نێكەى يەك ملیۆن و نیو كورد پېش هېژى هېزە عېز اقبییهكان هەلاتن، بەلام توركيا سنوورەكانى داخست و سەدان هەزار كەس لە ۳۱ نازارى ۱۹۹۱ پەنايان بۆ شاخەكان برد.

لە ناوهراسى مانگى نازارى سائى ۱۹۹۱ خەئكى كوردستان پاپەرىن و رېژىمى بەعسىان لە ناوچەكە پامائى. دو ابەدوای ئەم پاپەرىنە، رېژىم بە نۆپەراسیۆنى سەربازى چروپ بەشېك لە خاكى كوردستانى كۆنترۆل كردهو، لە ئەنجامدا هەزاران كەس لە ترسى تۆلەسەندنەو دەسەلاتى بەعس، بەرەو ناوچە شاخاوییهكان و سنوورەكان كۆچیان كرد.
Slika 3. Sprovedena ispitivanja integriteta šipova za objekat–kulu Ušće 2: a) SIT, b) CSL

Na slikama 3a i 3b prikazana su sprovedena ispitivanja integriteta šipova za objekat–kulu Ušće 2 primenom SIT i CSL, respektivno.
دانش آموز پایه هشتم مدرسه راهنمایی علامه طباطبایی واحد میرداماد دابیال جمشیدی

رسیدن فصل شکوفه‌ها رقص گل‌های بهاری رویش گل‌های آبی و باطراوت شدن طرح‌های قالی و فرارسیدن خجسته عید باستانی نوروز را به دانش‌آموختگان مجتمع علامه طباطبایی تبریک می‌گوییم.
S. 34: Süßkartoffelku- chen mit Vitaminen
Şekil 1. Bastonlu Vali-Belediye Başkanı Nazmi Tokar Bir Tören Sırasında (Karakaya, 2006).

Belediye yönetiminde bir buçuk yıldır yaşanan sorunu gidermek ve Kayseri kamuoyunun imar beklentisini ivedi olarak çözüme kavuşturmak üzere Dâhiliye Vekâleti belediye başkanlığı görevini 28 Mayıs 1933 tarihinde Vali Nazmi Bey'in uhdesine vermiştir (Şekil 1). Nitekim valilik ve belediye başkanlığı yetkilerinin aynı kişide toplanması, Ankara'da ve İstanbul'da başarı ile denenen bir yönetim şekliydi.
++++++++++
• The problem: Working from the entries above, return all lines that contain "šipova".

• Completed task:
Slika 3. Sprovedena ispitivanja integriteta šipova za objekat–kulu Ušće 2: a) SIT, b) CSL
Na slikama 3a i 3b prikazana su sprovedena ispitivanja integriteta šipova za objekat–kulu Ušće 2 primenom SIT i CSL, respektivno.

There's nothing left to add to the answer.